These are generous round numbers; real measurements are usually within 2x. The 100K seconds/day trick is the most useful: 1000 RPS becomes 100M req/day in your head with no calculator.

How does a 30-second estimate flow on a whiteboard?

Take Twitter as the canonical example. Interviewer says "100M daily active users, designs the timeline". The mental flow:

flowchart LR
    DAU[100M DAU] --> QPS[Peak QPS<br/>= 100M / 100k s<br/>* 5 peak factor<br/>= 5K req/s reads<br/>= 500 req/s writes]
    QPS --> Storage[Storage<br/>= 500 writes/s<br/>* 100k s/day<br/>* 1 KB<br/>* 365 days<br/>= 18 TB/year]
    Storage --> BW[Bandwidth<br/>= 5K read/s<br/>* 50 KB tweet+meta<br/>= 250 MB/s out]
    BW --> Lat[Latency<br/>p99 100 ms<br/>= 50ms cache<br/>+ 30ms net<br/>+ 20ms render]

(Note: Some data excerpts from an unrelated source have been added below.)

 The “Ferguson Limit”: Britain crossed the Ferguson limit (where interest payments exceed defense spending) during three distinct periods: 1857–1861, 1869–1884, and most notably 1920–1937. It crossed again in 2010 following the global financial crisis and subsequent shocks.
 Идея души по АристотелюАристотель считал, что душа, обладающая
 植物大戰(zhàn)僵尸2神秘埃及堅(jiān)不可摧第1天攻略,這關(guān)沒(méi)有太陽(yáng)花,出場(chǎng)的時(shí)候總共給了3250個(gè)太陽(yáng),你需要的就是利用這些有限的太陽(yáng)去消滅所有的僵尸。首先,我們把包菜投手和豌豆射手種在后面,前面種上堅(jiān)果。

That is the 30-second budget. The rest of the conversation - which database, sharding, caching - all reference back to those four numbers. If somebody proposes a single Postgres node, you can say "500 writes/s fits one box but 18 TB/year forces partitioning by year" and the design follows.

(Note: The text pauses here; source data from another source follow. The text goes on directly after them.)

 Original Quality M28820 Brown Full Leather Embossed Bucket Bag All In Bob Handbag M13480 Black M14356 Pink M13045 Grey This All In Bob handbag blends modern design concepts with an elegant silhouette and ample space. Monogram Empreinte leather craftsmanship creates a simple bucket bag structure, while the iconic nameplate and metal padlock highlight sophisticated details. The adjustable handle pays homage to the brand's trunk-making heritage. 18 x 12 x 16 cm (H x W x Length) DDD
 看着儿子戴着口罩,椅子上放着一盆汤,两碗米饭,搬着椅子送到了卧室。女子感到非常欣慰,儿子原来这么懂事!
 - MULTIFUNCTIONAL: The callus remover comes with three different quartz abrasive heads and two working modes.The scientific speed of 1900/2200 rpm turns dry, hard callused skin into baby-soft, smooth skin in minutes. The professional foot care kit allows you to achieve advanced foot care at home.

What does this look like in .NET capacity planning?

Translate to dollars by working backward from the numbers above. Suppose you are designing the URL shortener chapter:

// Estimated workload, captured as constants for sanity-check tests:
public static class CapacityEstimate
{
    public const int    DailyShortens     = 1_000_000;       // 1M new URLs/day
    public const int    DailyRedirects    = 100_000_000;     // 100M reads/day (100:1 read/write)
    public const int    PeakRedirectsPerSec = DailyRedirects / 100_000 * 5; // 5K req/s peak
    public const int    AvgUrlBytes       = 200;             // short + long + meta
    public const long   StorageOneYearGb  = (long)DailyShortens * 365 * AvgUrlBytes / 1_000_000_000; // 73 GB
    public const int    CacheHitRatePct   = 90;              // hot 1% of URLs serve 90% of reads
    public const int    DbReadsPerSec     = PeakRedirectsPerSec * (100 - CacheHitRatePct) / 100; // 500 RPS
}

Now the architecture choices have evidence:

The whole design is one Postgres + one Redis + two stateless web nodes, and you can defend it numerically. Without the estimate, the same exercise produces an over-engineered Cassandra-and-Kafka nightmare.

Where do back-of-envelope estimates fail?

Two failure modes.

First, bursty workloads. The 5x peak factor in the Twitter example assumes diurnal traffic. If your workload spikes 100x for a flash sale, the average QPS is meaningless - design for the peak. Chapter 14 (rate limiting) shows how to cap the burst when you cannot scale to absorb it.

Second, storage that grows faster than write rate. Photos, videos, ML embeddings - the per-row size is large and you measure storage in bytes per second, not rows per second. Update the constant and the estimate works again, but a "small" service with 1M users uploading a 5 MB image each is still a 5 TB problem.

When should you skip back-of-envelope and just measure?

When the system already exists and you are tuning it. Real metrics from chapter 13 (observability) beat estimates by an order of magnitude. The estimate's job is to design the first version - to rule out clearly wrong architectures - not to compete with telemetry. Once the system is in production, the estimate becomes a sanity check on the dashboards, not the source of truth.

Where should you go from here?

Next chapter: CAP and consistency - the second vocabulary, the one that decides whether you can use one database or need to think about quorums. After that you have the full toolkit to start choosing concrete .NET building blocks.

Frequently asked questions

Why are these numbers so approximate?
Because the answer you need is the order of magnitude, not the exact figure. The decision 'one box vs sharded cluster' lives between 100 GB and 10 TB - a 5x estimation error never crosses that boundary. The estimate's job is to rule out architectures, not to predict the bill.
Where do the latency numbers come from?
Jeff Dean's 'Numbers Every Programmer Should Know' from 2010, updated for SSDs and 10 GbE. The headline numbers - 1 ns L1, 100 ns RAM, 100 µs SSD random read, 500 µs LAN round-trip, 50 ms cross-region - have stayed within a factor of two for fifteen years. They are the lingua franca of system design rooms.
How do I get good at this fast?
Pick three real services you use (Twitter, Uber, Spotify), guess their daily QPS in 30 seconds, then look up the public number. After ten guesses your intuition for 'busy' vs 'truly massive' becomes calibrated. The interview doesn't need a precise answer; it needs a defensible one.
Does this still matter when you can just measure it?
Yes - because at design time you don't have anything to measure. The estimate decides the first version of the system. Once it runs you replace estimates with metrics from chapter 13 (observability), but the architecture is already cast.